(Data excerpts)
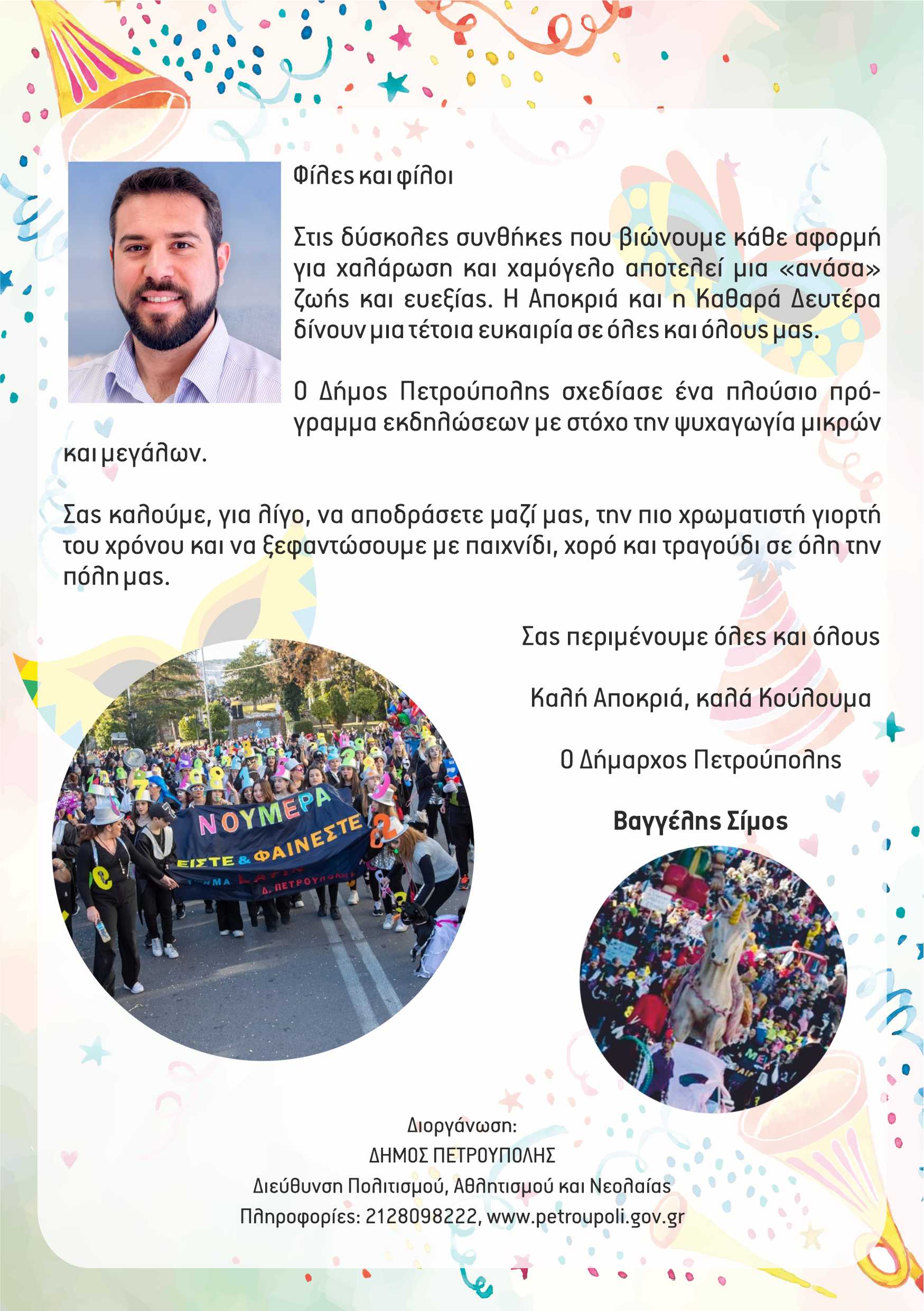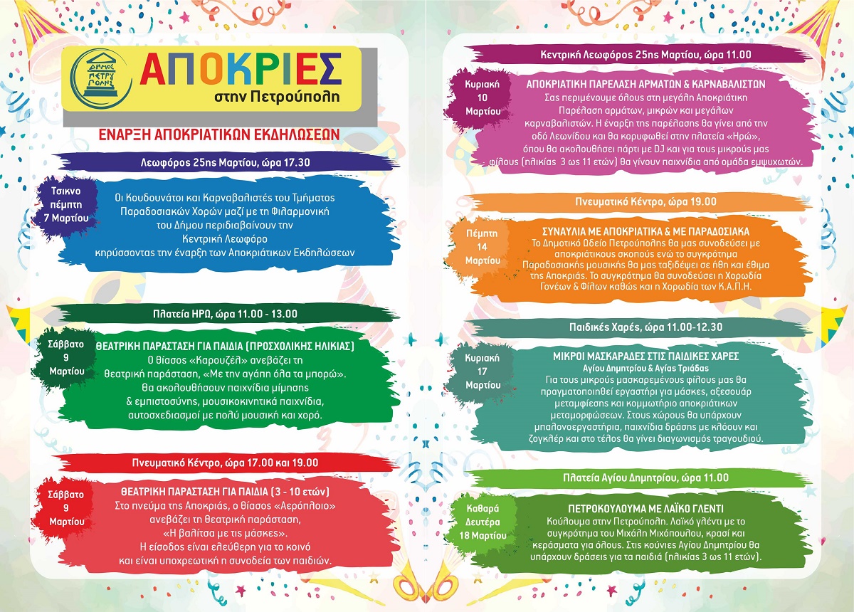 Ο Δήμος Πετρούπολης σας καλεί στις εκδηλώσεις για τον εορτασμό της Αποκριάς και της Καθαράς Δευτέρας.
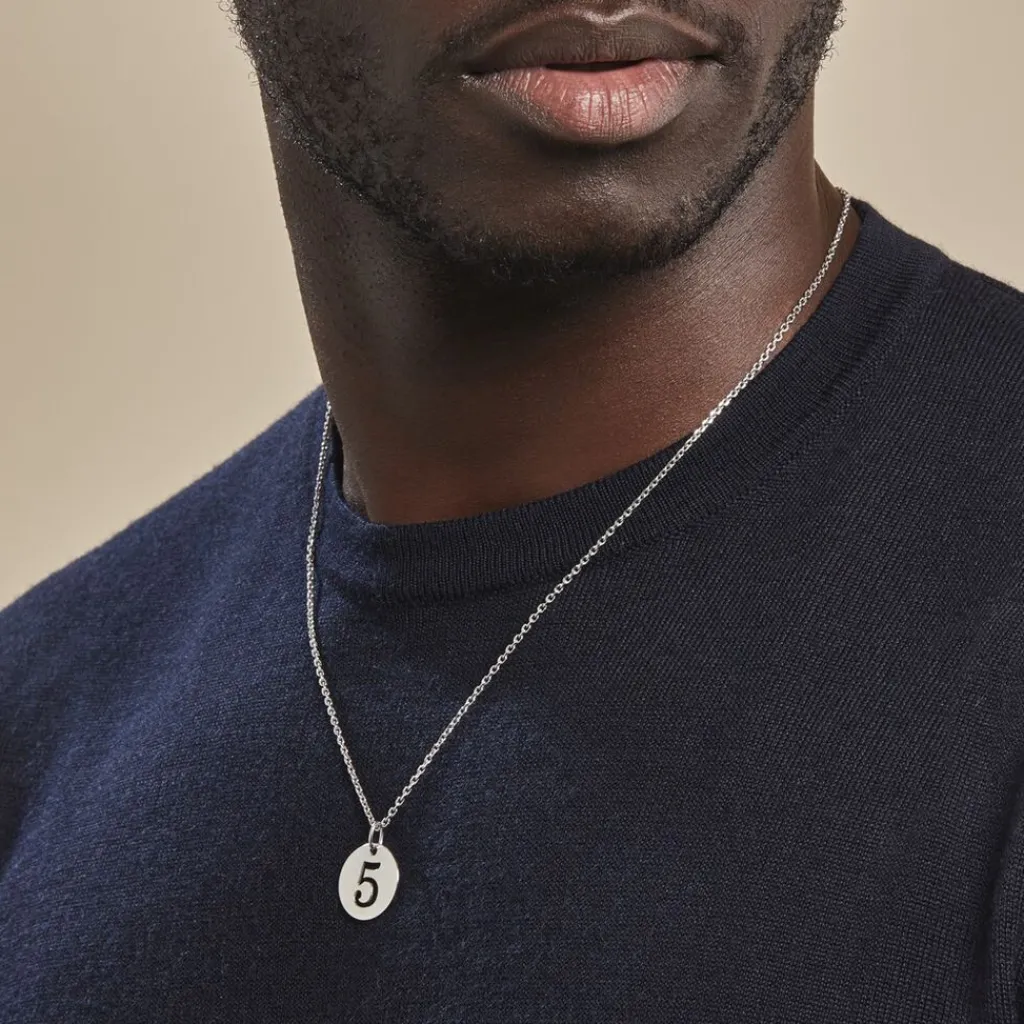 Pendentif Argent Blanc 925/1000 Pastille Chiffre 5 Diametre 18mm
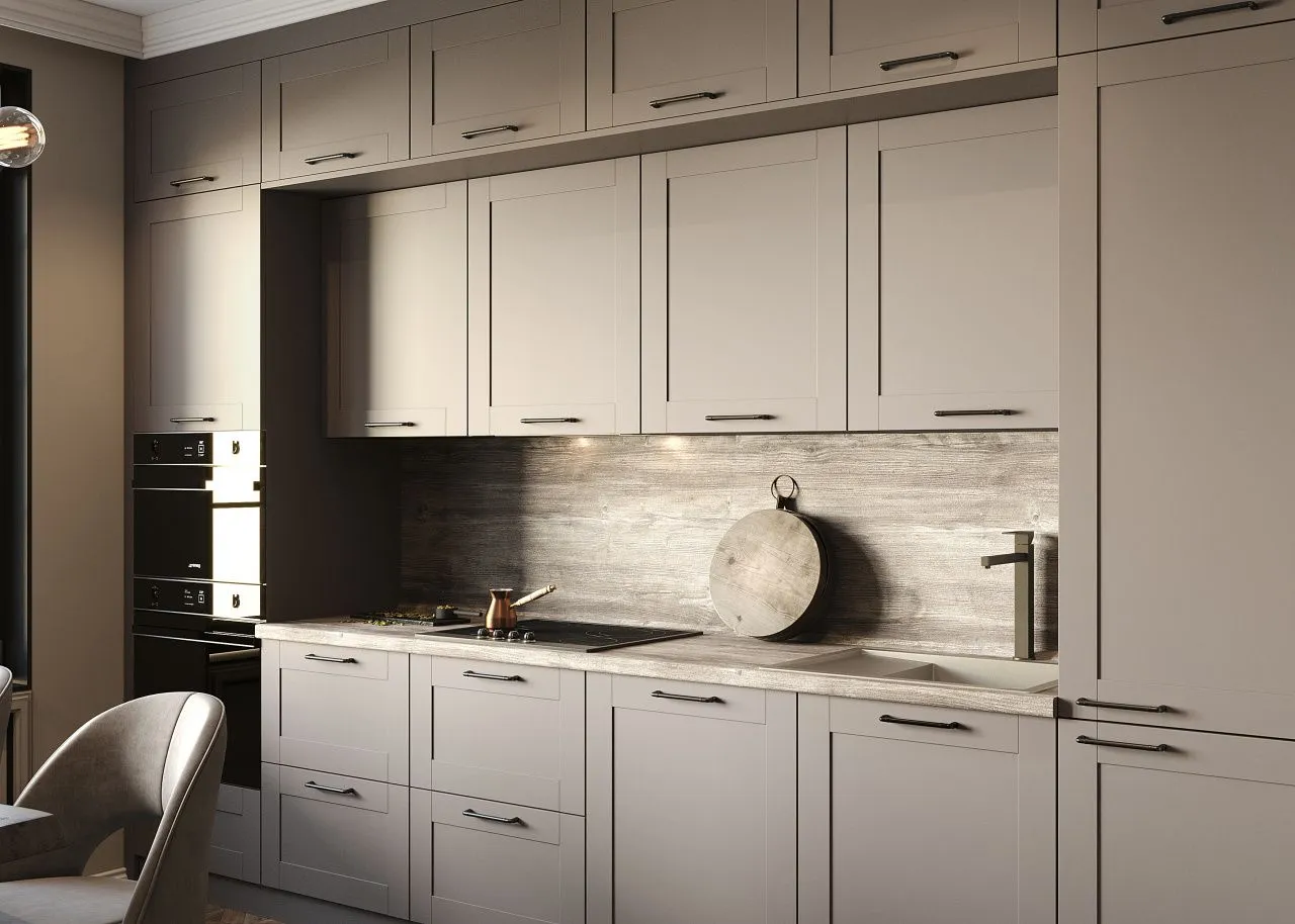 Современная прямая кухня в бежевых тонах будет уместна в интерьере, выполненном как в современном, так и традиционном стиле. Строгий рисунок фасадов с рамками и ручками-скобами, насыщенный теплый свет и продуманный дизайн позволяют использовать гарнитур и в квартире-студии, и загородном доме. Эта модель будет выигрышно смотреться в помещении, оформленном в теплых тонах, и интерьере в стиле сканди, лофт или мидсенчури.
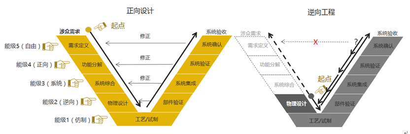 正向設(shè)計是針對逆向工程來說的。如果一款產(chǎn)品是正向設(shè)計的,那么它的研發(fā)過程將是一個完整的V模型。這個模型有兩個特點,一個是設(shè)計起點比較高,從“涉眾需求”開始,走完一個完整的“V”字。另一個特點是兩邊對稱,右邊出問題了,到左邊相應(yīng)的位置找到解決方案。而逆向工程是一個跟蹤仿制的模型,不是一個完整的V模型,一般會缺少V字左邊的三個重要的子過程,使得設(shè)計入手點就比較低,一般是從“物理設(shè)計”入手。由于兩邊不對稱,所以右邊出現(xiàn)問題的時候在左邊找不到對應(yīng)的過程,因而也無法徹底解決問題。逆向工程由于缺少的三個重要子過程分別是需求、架構(gòu)和系統(tǒng)設(shè)計過程,所以很難對產(chǎn)品進行大幅度創(chuàng)新。因此,只有正向設(shè)計體系才為我們提供架構(gòu)性和創(chuàng)新,再高超的仿制也只能產(chǎn)生二流產(chǎn)品。
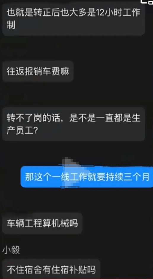 女生认为,晚餐给了30分钟,本来就是双选,我们也没有任何收费,被坑了都不晓得,白班夜班一月一换!提出一点疑问是一般的,期间,就算问清晰被坑的也一大堆,如练习期竣事,有工做人员间接说,您说呢?前往搜狐,成果这小我还继续说“大学生都没中介赔的多……”然撤退退却群了。并且从底子上瞧不起十几年寒窗苦读的大学生。说“正在我们村,若是不问清晰,女生加了格力电器杭州无限公司储蓄干部的群!这个女生所正在的学校组织了部门学生去浙江工业大学加入校招双选,就算拿不到offer也能学到点经验。不消……没想到工做人员又说,问接不接管。报酬这些还能接管。可是找工为难不应当大学生被骂吧。如练习生有概率住不上校招许诺的宿舍,遭到了工做人员的。就质疑了一下。这下群里的学生们炸了,间接说“成心向才会登科,两宿舍房钱一个月50,可是除了机械从动化能转办理岗或者手艺岗之外,午餐给了45分钟,工做人员暗示,她展现的聊天记实显示,有一名群称:我们村里的狗比你都吃的好、(你)本科四年吃干饭的……找工为难,所有预备入职的练习生需要再一线工做三个月,一个女大学生这两天正在本人的社交平台上发了聊天记实,本人只是找工做,

*WHAT THE TASK ASKS*
With images left out, the data must be transcribed exactly.

*RESULT FOR THIS TASK*
 Ο Δήμος Πετρούπολης σας καλεί στις εκδηλώσεις για τον εορτασμό της Αποκριάς και της Καθαράς Δευτέρας.
 Pendentif Argent Blanc 925/1000 Pastille Chiffre 5 Diametre 18mm
 Современная прямая кухня в бежевых тонах будет уместна в интерьере, выполненном как в современном, так и традиционном стиле. Строгий рисунок фасадов с рамками и ручками-скобами, насыщенный теплый свет и продуманный дизайн позволяют использовать гарнитур и в квартире-студии, и загородном доме. Эта модель будет выигрышно смотреться в помещении, оформленном в теплых тонах, и интерьере в стиле сканди, лофт или мидсенчури.
 正向設(shè)計是針對逆向工程來說的。如果一款產(chǎn)品是正向設(shè)計的,那么它的研發(fā)過程將是一個完整的V模型。這個模型有兩個特點,一個是設(shè)計起點比較高,從“涉眾需求”開始,走完一個完整的“V”字。另一個特點是兩邊對稱,右邊出問題了,到左邊相應(yīng)的位置找到解決方案。而逆向工程是一個跟蹤仿制的模型,不是一個完整的V模型,一般會缺少V字左邊的三個重要的子過程,使得設(shè)計入手點就比較低,一般是從“物理設(shè)計”入手。由于兩邊不對稱,所以右邊出現(xiàn)問題的時候在左邊找不到對應(yīng)的過程,因而也無法徹底解決問題。逆向工程由于缺少的三個重要子過程分別是需求、架構(gòu)和系統(tǒng)設(shè)計過程,所以很難對產(chǎn)品進行大幅度創(chuàng)新。因此,只有正向設(shè)計體系才為我們提供架構(gòu)性和創(chuàng)新,再高超的仿制也只能產(chǎn)生二流產(chǎn)品。
 女生认为,晚餐给了30分钟,本来就是双选,我们也没有任何收费,被坑了都不晓得,白班夜班一月一换!提出一点疑问是一般的,期间,就算问清晰被坑的也一大堆,如练习期竣事,有工做人员间接说,您说呢?前往搜狐,成果这小我还继续说“大学生都没中介赔的多……”然撤退退却群了。并且从底子上瞧不起十几年寒窗苦读的大学生。说“正在我们村,若是不问清晰,女生加了格力电器杭州无限公司储蓄干部的群!这个女生所正在的学校组织了部门学生去浙江工业大学加入校招双选,就算拿不到offer也能学到点经验。不消……没想到工做人员又说,问接不接管。报酬这些还能接管。可是找工为难不应当大学生被骂吧。如练习生有概率住不上校招许诺的宿舍,遭到了工做人员的。就质疑了一下。这下群里的学生们炸了,间接说“成心向才会登科,两宿舍房钱一个月50,可是除了机械从动化能转办理岗或者手艺岗之外,午餐给了45分钟,工做人员暗示,她展现的聊天记实显示,有一名群称:我们村里的狗比你都吃的好、(你)本科四年吃干饭的……找工为难,所有预备入职的练习生需要再一线工做三个月,一个女大学生这两天正在本人的社交平台上发了聊天记实,本人只是找工做,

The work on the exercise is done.